**EXERCISE REQUIREMENTS**
Every record below is to be retyped exactly, with the pictures left out.

**PROVIDED INFORMATION**

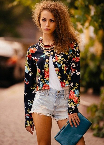 A floral print jacket is an absolute favorite of the current season. Both classic elongated models and short-sleeved cropped are popular. The product with a floral print will be an excellent complement to the day and evening look, will give a new life to a monophonic dress or pants.
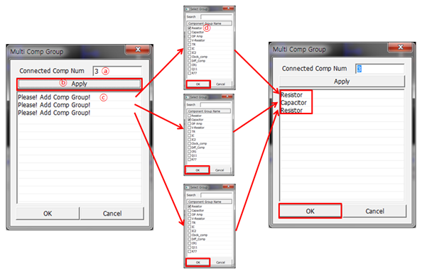 • Multi Num: Select a target component group. When an empty raw is double clicked, the Multi Comp Group setting window will be displayed.
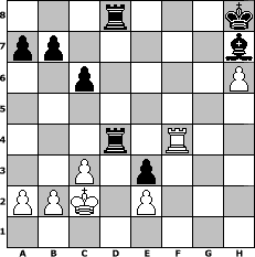 Partie-Notation im PGN-Format [Event "Sommer 2019"] [Site "www.mySchach.de"] [Date "2019.07.17"] [Round "1"] [White "skuehnel"] [Black "Joschi"] [ECO "B15"] [WhitemyELO "1471"] [BlackmyELO "1487"] [Result "0-1"] [TimeControl "10/2592000"] [WhiteDays "89"] [BlackDays "90"] [MySchachNr "115381"] 1. e4 c6 2. d4 d5 3. Nc3 dxe4 4. Bf4 Nf6 5. f3 exf3 6. Nxf3 e6 7. Bd3 Bd6 8. Qd2 Bxf4 9. Qxf4 O-O 10. Ng5 h6 11. h4 Nbd7 12. Nce4 Nxe4 13. Bxe4 Nf6 14. O-O-O Nxe4 15. Qxe4 f5 16. Nxe6 fxe4 17. Nxd8 Rxd8 18. h5 Bf5 19. Rh4 Rd5 20. g4 Bh7 21. Rg1 Rxd4 22. c3 Rd3 23. Kc2 Rad8 24. g5 hxg5 25. Rxg5 e3 26. Rxg7+ Kxg7 27. h6+ Kh8 28. Rf4 R3d4+ 0-1 Stellungs-Notation im FEN-Format 3r3k/pp5b/2p4P/8/3r1R2/2P1p3/PPK1P3/8 - - - 3 29 Geschlagene Figuren Weiss: Geschlagene Figuren Schwarz: Klicken Sie auf eine geschlagene Figur um den gewünschten Zug darzustellen!
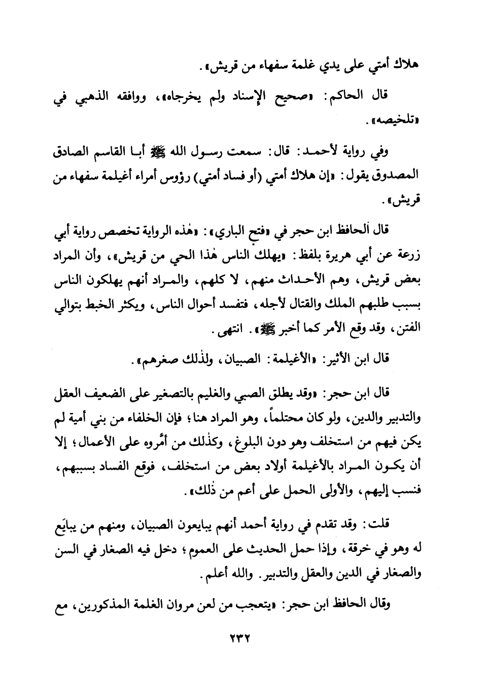 وفي رواية لأحمد: قال: سمعت رسول الله صلى الله عليه وسلم أبا القاسم الصادق المصدوق يقول: «إن هلاك أمتي (أو فساد أمتي) رؤوس أمراء أغيلمة سفهاء من قريش» .
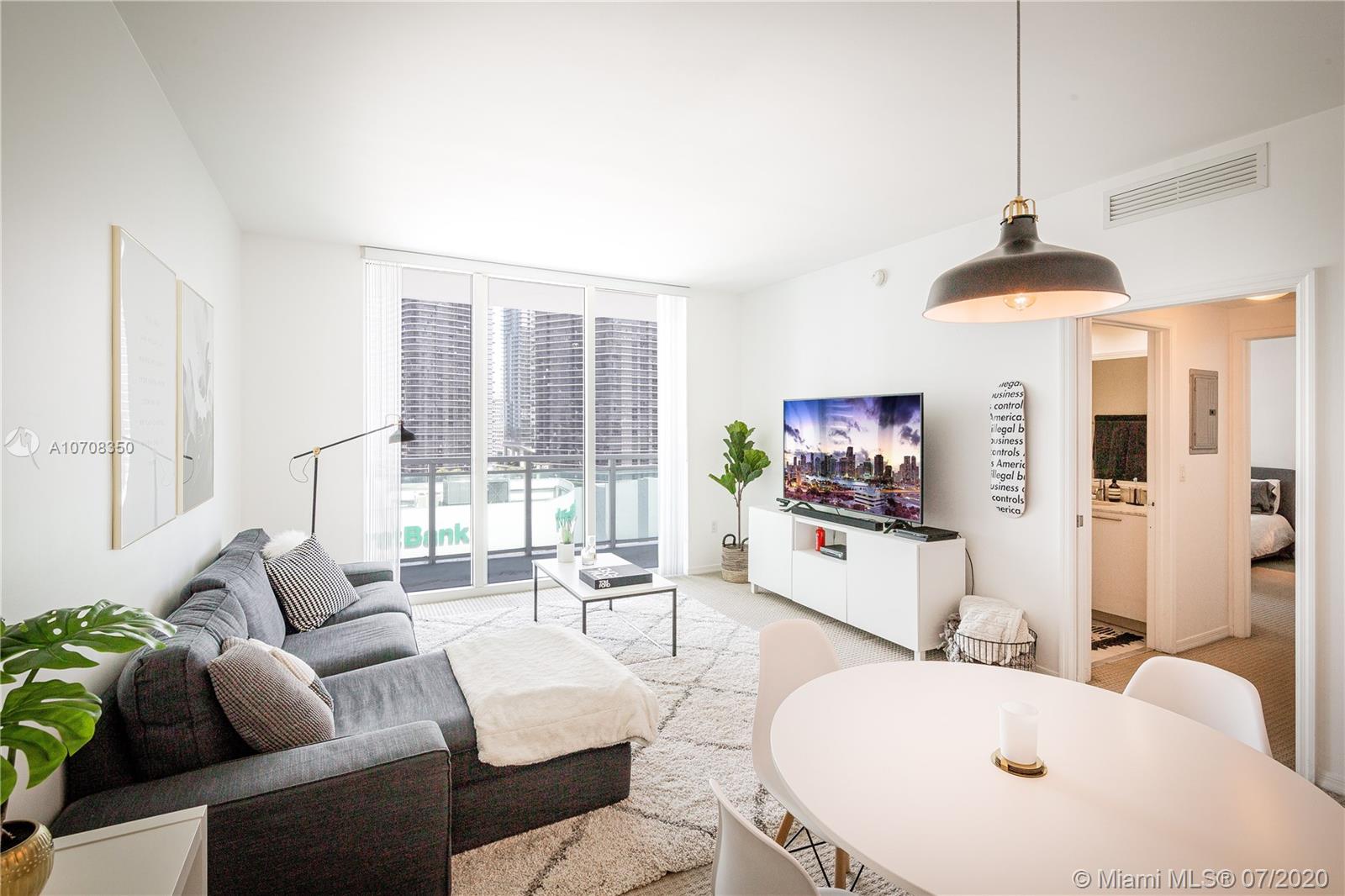 Spacious and bright 1 bedroom 1 bath apartment with a fantastic Brickell city view in at The Plaza on Brickell. Layout features 702 sqft. This model features the larger kitchen. The Plaza features two heated infinity pools, hot tub, fitness center, club room, theater, and a business center. Pet friendly. Close proximity to dining, shopping & entertainment. Vacant & easy to show.
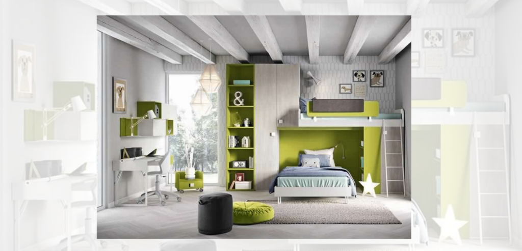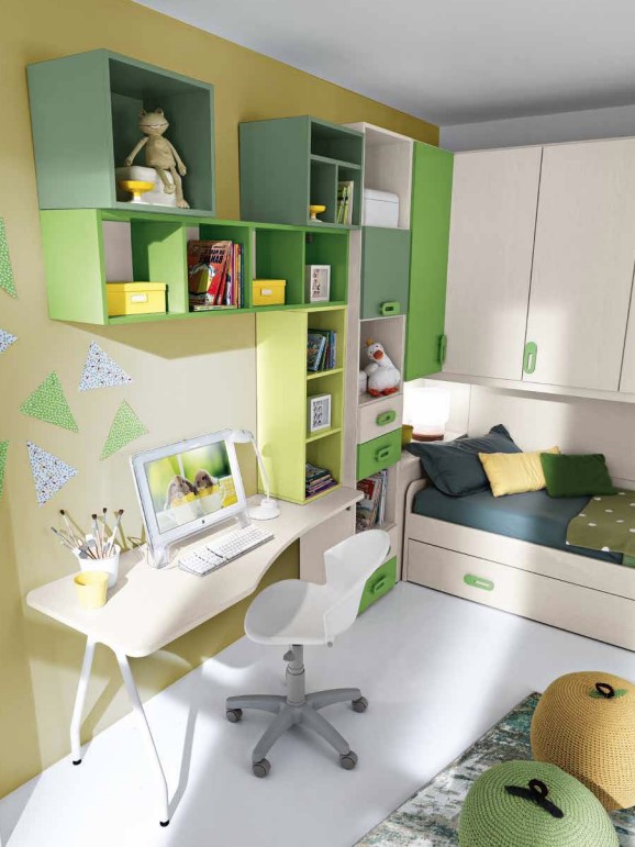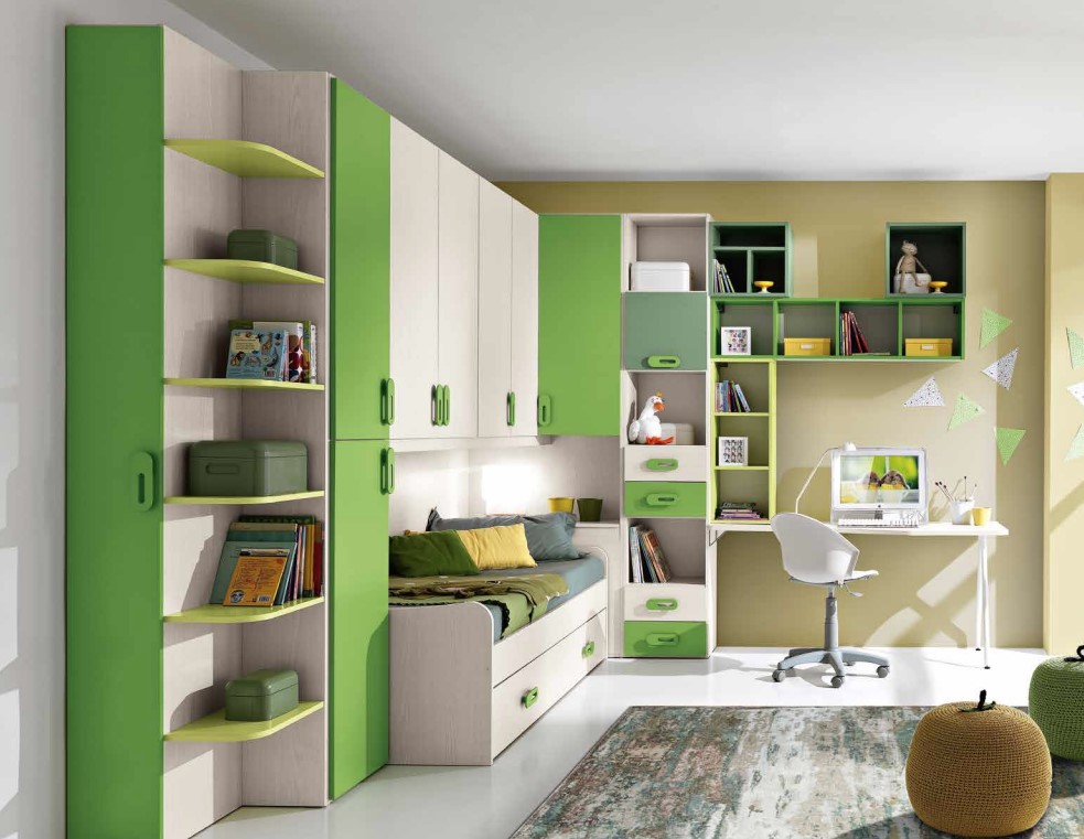 Cameretta moderna, disponibile in diverse composizioni e colori.
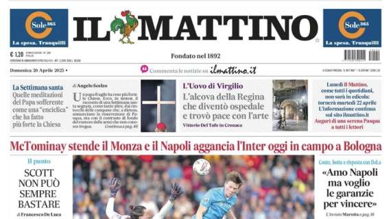 Riecco la vetta“, apre così in prima pagina Il Mattino nell’edizione odierna, celebrando il successo in trasferta degli azzurri di Conte che sono tornati almeno momentaneamente in testa alla classifica. Il sommario: “McTominay stende il Monza e il Napoli aggancia l’Inter, oggi in campo a Bologna“. Di seguito la prima pagina integrale.
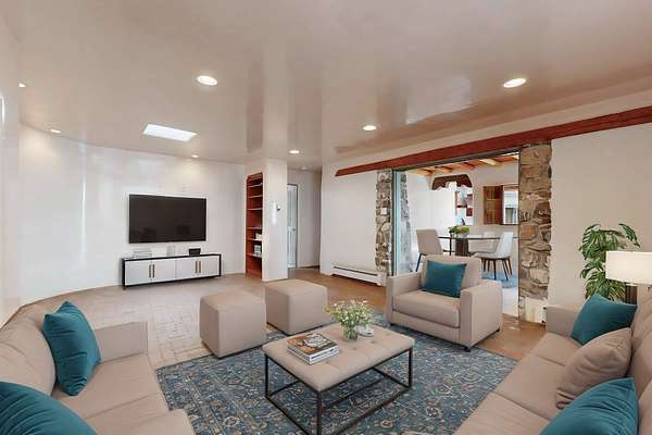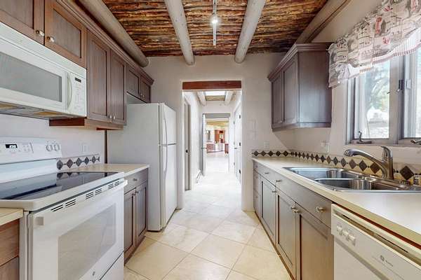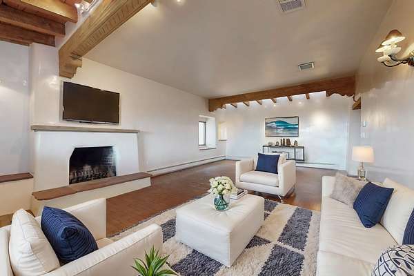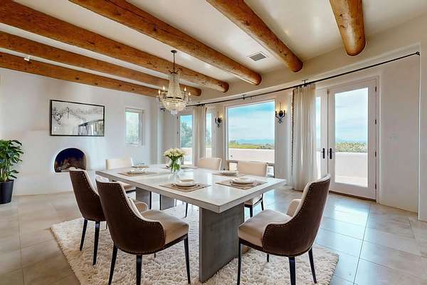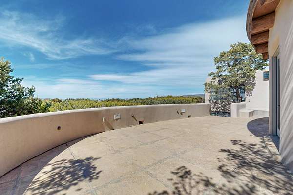 Approximately 5801 square foot main residence with an attached 1068 square foot guest house and 594 square foot studio, located on one of the best view sites on prestigious Circle Drive. Long considered to be one of the best areas in Santa Fe because of its marvelous views to the city, northern badlands, western Jemez Mountain range and the Sangre de Cristos, as well as its proximity to The Plaza and The Santa Fe Opera. Resting on 1.93 acres with a private security gate, this traditional Pueblo masterpiece is partial adobe, beautiful latillas, extensive portals, 9 fireplaces, 5 bedrooms, 5 1/2 baths and a very large formal dining room with beautiful light and views. It also features 4 garages, cherry wood cabinets in the kitchen & stainless steel appliances. This home was recently appraised for over $3.2 million. The home will require some work to bring it up to its former glory. It is being offered in its current condition at a price of $2.7M. Photos are virtually staged.
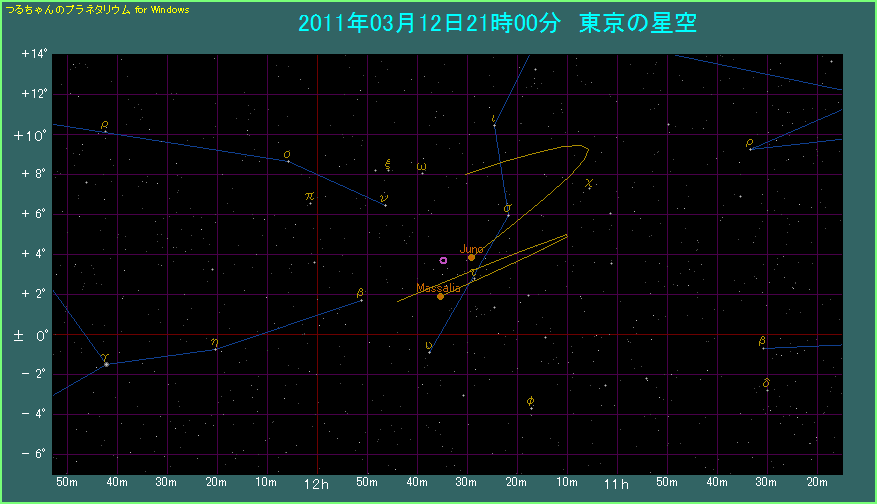 小惑星ジュノが衝、マッサリアも明るい 2011年3月12日

**ANSWER BOX**
 A floral print jacket is an absolute favorite of the current season. Both classic elongated models and short-sleeved cropped are popular. The product with a floral print will be an excellent complement to the day and evening look, will give a new life to a monophonic dress or pants.
 • Multi Num: Select a target component group. When an empty raw is double clicked, the Multi Comp Group setting window will be displayed.
 Partie-Notation im PGN-Format [Event "Sommer 2019"] [Site "www.mySchach.de"] [Date "2019.07.17"] [Round "1"] [White "skuehnel"] [Black "Joschi"] [ECO "B15"] [WhitemyELO "1471"] [BlackmyELO "1487"] [Result "0-1"] [TimeControl "10/2592000"] [WhiteDays "89"] [BlackDays "90"] [MySchachNr "115381"] 1. e4 c6 2. d4 d5 3. Nc3 dxe4 4. Bf4 Nf6 5. f3 exf3 6. Nxf3 e6 7. Bd3 Bd6 8. Qd2 Bxf4 9. Qxf4 O-O 10. Ng5 h6 11. h4 Nbd7 12. Nce4 Nxe4 13. Bxe4 Nf6 14. O-O-O Nxe4 15. Qxe4 f5 16. Nxe6 fxe4 17. Nxd8 Rxd8 18. h5 Bf5 19. Rh4 Rd5 20. g4 Bh7 21. Rg1 Rxd4 22. c3 Rd3 23. Kc2 Rad8 24. g5 hxg5 25. Rxg5 e3 26. Rxg7+ Kxg7 27. h6+ Kh8 28. Rf4 R3d4+ 0-1 Stellungs-Notation im FEN-Format 3r3k/pp5b/2p4P/8/3r1R2/2P1p3/PPK1P3/8 - - - 3 29 Geschlagene Figuren Weiss: Geschlagene Figuren Schwarz: Klicken Sie auf eine geschlagene Figur um den gewünschten Zug darzustellen!
 وفي رواية لأحمد: قال: سمعت رسول الله صلى الله عليه وسلم أبا القاسم الصادق المصدوق يقول: «إن هلاك أمتي (أو فساد أمتي) رؤوس أمراء أغيلمة سفهاء من قريش» .
 Spacious and bright 1 bedroom 1 bath apartment with a fantastic Brickell city view in at The Plaza on Brickell. Layout features 702 sqft. This model features the larger kitchen. The Plaza features two heated infinity pools, hot tub, fitness center, club room, theater, and a business center. Pet friendly. Close proximity to dining, shopping & entertainment. Vacant & easy to show.
 Cameretta moderna, disponibile in diverse composizioni e colori.
 Riecco la vetta“, apre così in prima pagina Il Mattino nell’edizione odierna, celebrando il successo in trasferta degli azzurri di Conte che sono tornati almeno momentaneamente in testa alla classifica. Il sommario: “McTominay stende il Monza e il Napoli aggancia l’Inter, oggi in campo a Bologna“. Di seguito la prima pagina integrale.
 Approximately 5801 square foot main residence with an attached 1068 square foot guest house and 594 square foot studio, located on one of the best view sites on prestigious Circle Drive. Long considered to be one of the best areas in Santa Fe because of its marvelous views to the city, northern badlands, western Jemez Mountain range and the Sangre de Cristos, as well as its proximity to The Plaza and The Santa Fe Opera. Resting on 1.93 acres with a private security gate, this traditional Pueblo masterpiece is partial adobe, beautiful latillas, extensive portals, 9 fireplaces, 5 bedrooms, 5 1/2 baths and a very large formal dining room with beautiful light and views. It also features 4 garages, cherry wood cabinets in the kitchen & stainless steel appliances. This home was recently appraised for over $3.2 million. The home will require some work to bring it up to its former glory. It is being offered in its current condition at a price of $2.7M. Photos are virtually staged.
 小惑星ジュノが衝、マッサリアも明るい 2011年3月12日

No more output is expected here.